» **Activity**:
Please set down only the lines below starting with the line with "そしてクリスマス当日はまた違" and going on through the line with "1 st Trial: Breath~Body~Mind", verbatim and without pictures.

» **Exercise material**:
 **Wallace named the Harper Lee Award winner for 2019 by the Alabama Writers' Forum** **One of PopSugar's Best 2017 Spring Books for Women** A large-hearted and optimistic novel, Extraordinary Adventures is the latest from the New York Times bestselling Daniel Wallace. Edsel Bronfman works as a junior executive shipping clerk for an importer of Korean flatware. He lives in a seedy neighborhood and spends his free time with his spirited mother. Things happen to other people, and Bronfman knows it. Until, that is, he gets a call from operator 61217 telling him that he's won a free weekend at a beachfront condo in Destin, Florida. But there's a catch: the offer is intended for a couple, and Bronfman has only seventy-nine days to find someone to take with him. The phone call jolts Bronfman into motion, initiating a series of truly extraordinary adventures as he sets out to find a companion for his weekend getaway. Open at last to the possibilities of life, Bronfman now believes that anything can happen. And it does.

---

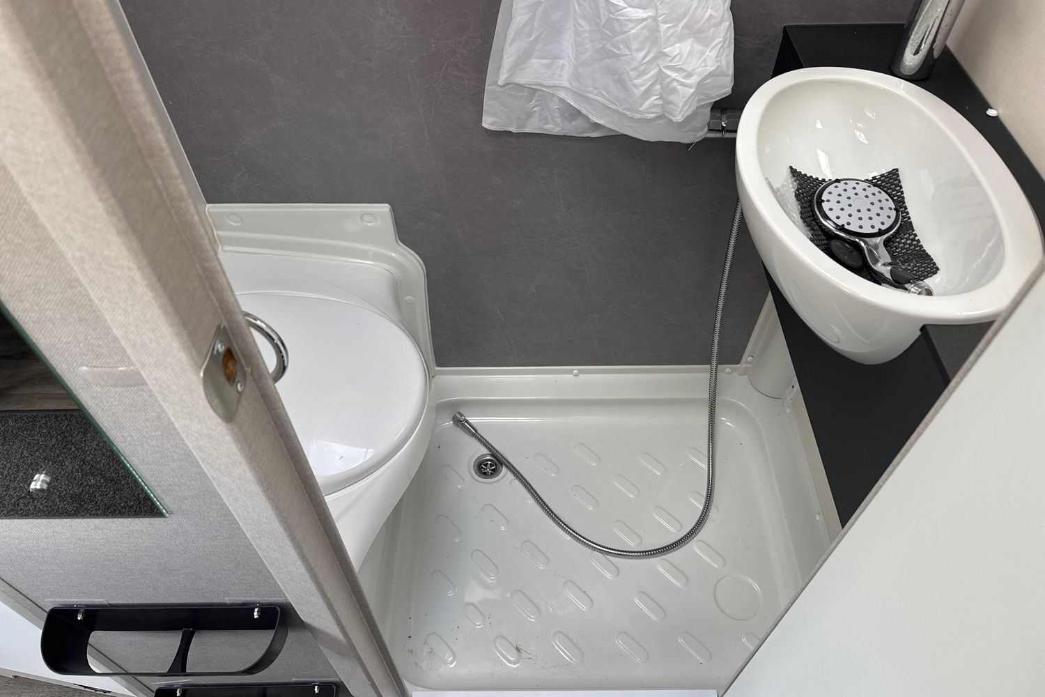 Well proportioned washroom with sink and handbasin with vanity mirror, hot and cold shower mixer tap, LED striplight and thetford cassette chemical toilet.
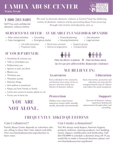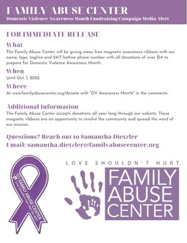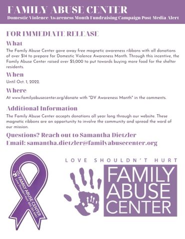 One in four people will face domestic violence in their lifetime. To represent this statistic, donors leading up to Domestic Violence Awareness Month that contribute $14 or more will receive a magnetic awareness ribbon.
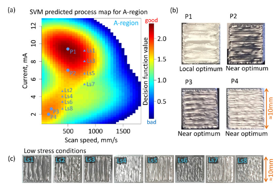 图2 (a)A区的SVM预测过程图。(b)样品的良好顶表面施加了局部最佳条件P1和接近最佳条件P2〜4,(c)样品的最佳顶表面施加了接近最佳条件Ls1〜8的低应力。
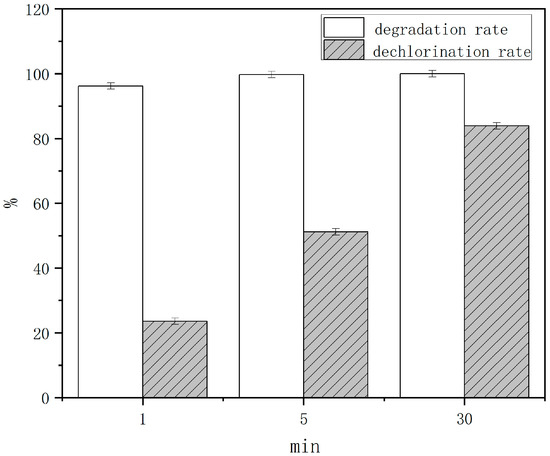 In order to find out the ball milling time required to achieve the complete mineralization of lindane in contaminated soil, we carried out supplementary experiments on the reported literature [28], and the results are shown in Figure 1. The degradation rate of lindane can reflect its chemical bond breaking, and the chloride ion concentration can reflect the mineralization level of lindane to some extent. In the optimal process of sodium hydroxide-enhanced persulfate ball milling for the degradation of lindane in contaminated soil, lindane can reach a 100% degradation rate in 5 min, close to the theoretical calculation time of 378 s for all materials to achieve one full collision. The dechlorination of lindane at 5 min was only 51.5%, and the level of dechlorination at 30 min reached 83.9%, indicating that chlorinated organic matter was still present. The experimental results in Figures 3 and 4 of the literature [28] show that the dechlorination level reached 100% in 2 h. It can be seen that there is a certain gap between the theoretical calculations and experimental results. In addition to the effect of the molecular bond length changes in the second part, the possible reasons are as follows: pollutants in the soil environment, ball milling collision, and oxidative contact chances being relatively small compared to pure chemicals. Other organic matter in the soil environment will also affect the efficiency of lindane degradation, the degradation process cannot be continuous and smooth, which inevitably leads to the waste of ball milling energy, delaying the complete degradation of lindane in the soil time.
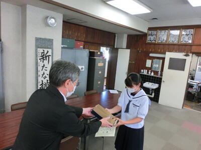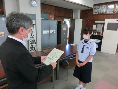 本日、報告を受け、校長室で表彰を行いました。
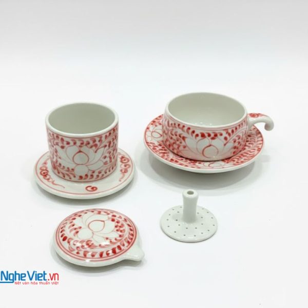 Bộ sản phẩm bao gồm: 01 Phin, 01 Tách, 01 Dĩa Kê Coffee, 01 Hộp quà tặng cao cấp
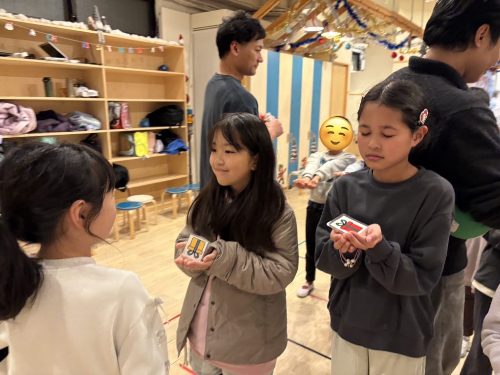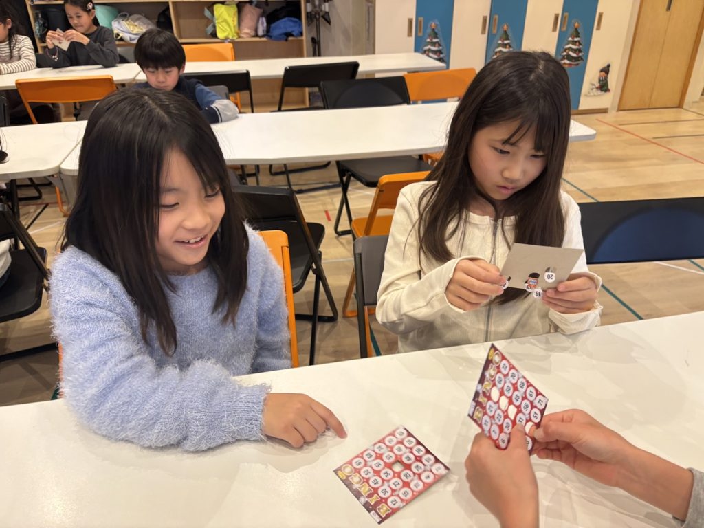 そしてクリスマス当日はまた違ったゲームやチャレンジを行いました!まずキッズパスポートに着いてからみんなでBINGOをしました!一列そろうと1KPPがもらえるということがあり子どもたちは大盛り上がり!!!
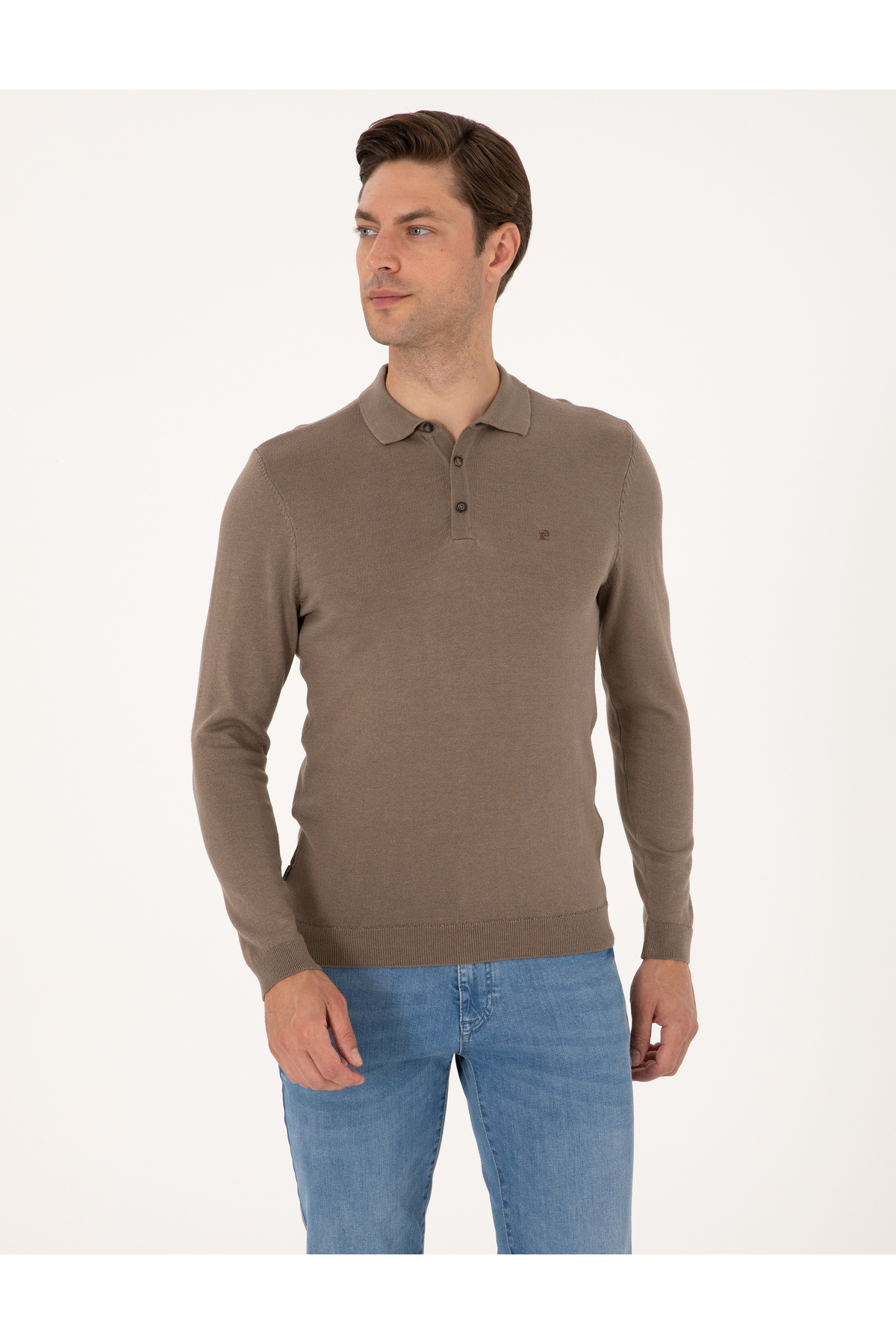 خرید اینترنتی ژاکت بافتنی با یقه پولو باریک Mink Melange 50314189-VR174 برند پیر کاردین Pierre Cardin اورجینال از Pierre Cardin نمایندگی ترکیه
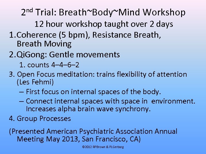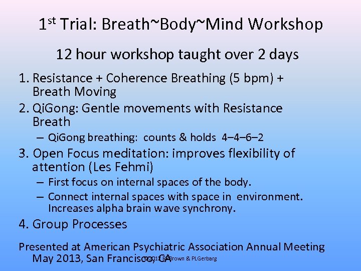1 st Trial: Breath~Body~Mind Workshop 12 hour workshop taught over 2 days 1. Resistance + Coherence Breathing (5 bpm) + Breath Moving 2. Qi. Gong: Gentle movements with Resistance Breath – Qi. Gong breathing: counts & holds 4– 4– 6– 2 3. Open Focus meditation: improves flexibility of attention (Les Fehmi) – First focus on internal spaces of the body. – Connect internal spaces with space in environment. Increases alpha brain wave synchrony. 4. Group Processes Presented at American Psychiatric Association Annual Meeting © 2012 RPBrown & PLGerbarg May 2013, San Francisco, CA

» **Answer**:
 そしてクリスマス当日はまた違ったゲームやチャレンジを行いました!まずキッズパスポートに着いてからみんなでBINGOをしました!一列そろうと1KPPがもらえるということがあり子どもたちは大盛り上がり!!!
 خرید اینترنتی ژاکت بافتنی با یقه پولو باریک Mink Melange 50314189-VR174 برند پیر کاردین Pierre Cardin اورجینال از Pierre Cardin نمایندگی ترکیه
1 st Trial: Breath~Body~Mind Workshop 12 hour workshop taught over 2 days 1. Resistance + Coherence Breathing (5 bpm) + Breath Moving 2. Qi. Gong: Gentle movements with Resistance Breath – Qi. Gong breathing: counts & holds 4– 4– 6– 2 3. Open Focus meditation: improves flexibility of attention (Les Fehmi) – First focus on internal spaces of the body. – Connect internal spaces with space in environment. Increases alpha brain wave synchrony. 4. Group Processes Presented at American Psychiatric Association Annual Meeting © 2012 RPBrown & PLGerbarg May 2013, San Francisco, CA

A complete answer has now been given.